Extracted data entries –
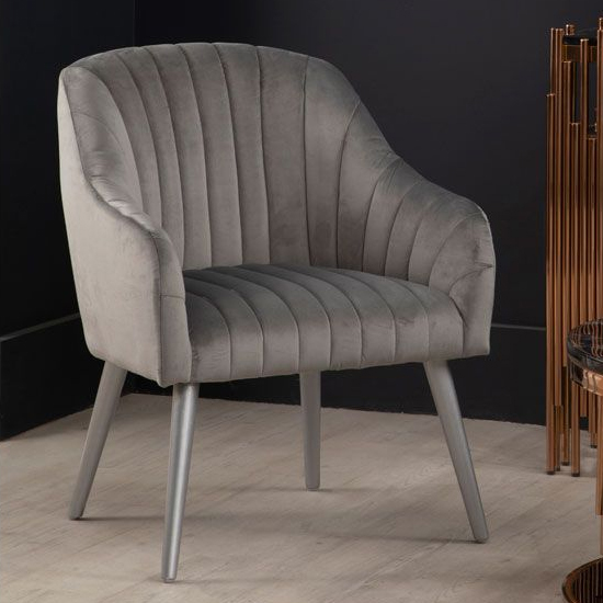 Luxury Upholstered Velvet Armchair With Silver Legs In Grey
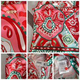 Bellissima camicetta senza maniche Camomilla. Riprese sartoriali sul seno e sulla schiena per una vestibilità molto femminile. Fantasia colorata senza eccessi. Taglia 42IT, misure in foto. Nel mio account trovate anche il tailleur per il quale era stata acquistata (blazer e pantalone verde, stesso brand) con cui sta davvero bene. Mai indossata causa cambio taglia repentino.
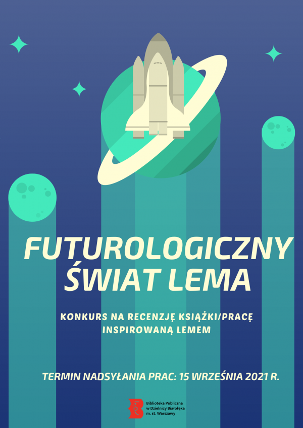 Z tej okazji Biblioteka Publiczna w Dzielnicy Białołęka m.st. Warszawy zaprasza do udziału w konkursie Futurologiczny świat Lema. Zainspiruj się pisarzem i stwórz własne dzieło! Napisz recenzję książki Lema, stwórz film, prezentację multimedialną, nagranie, obraz w dowolnej technice, komiks. Zaprojektuj okładkę książki Lema, nagraj słuchowisko, piosenkę, inny dźwięk…
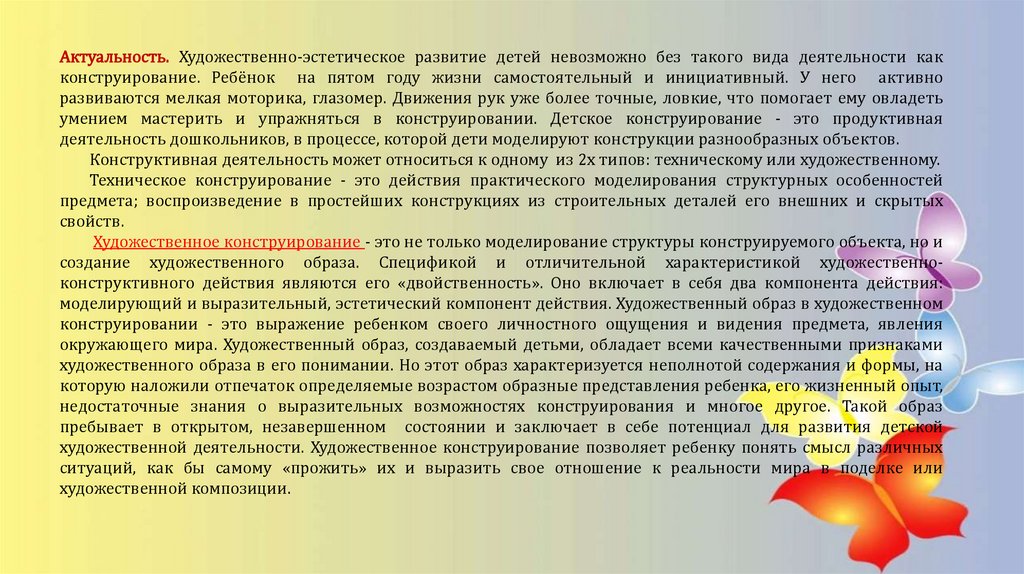 Актуальность. Художественно-эстетическое развитие детей невозможно без такого вида деятельности какконструирование. Ребёнок на пятом году жизни самостоятельный и инициативный. У него активно
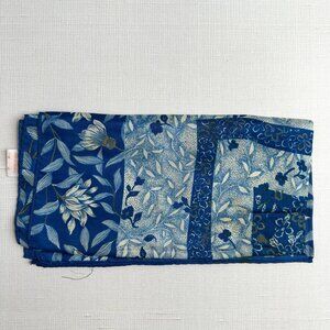 This square scarf features a vibrant floral patchwork design in shades of blue and white. Lightweight and soft, it adds a touch of elegance to daily wear.

What needs to be done – What is wanted is a word-for-word restatement of the entries, without their images.

Response to the task –
 Luxury Upholstered Velvet Armchair With Silver Legs In Grey
 Bellissima camicetta senza maniche Camomilla. Riprese sartoriali sul seno e sulla schiena per una vestibilità molto femminile. Fantasia colorata senza eccessi. Taglia 42IT, misure in foto. Nel mio account trovate anche il tailleur per il quale era stata acquistata (blazer e pantalone verde, stesso brand) con cui sta davvero bene. Mai indossata causa cambio taglia repentino.
 Z tej okazji Biblioteka Publiczna w Dzielnicy Białołęka m.st. Warszawy zaprasza do udziału w konkursie Futurologiczny świat Lema. Zainspiruj się pisarzem i stwórz własne dzieło! Napisz recenzję książki Lema, stwórz film, prezentację multimedialną, nagranie, obraz w dowolnej technice, komiks. Zaprojektuj okładkę książki Lema, nagraj słuchowisko, piosenkę, inny dźwięk…
 Актуальность. Художественно-эстетическое развитие детей невозможно без такого вида деятельности какконструирование. Ребёнок на пятом году жизни самостоятельный и инициативный. У него активно
 This square scarf features a vibrant floral patchwork design in shades of blue and white. Lightweight and soft, it adds a touch of elegance to daily wear.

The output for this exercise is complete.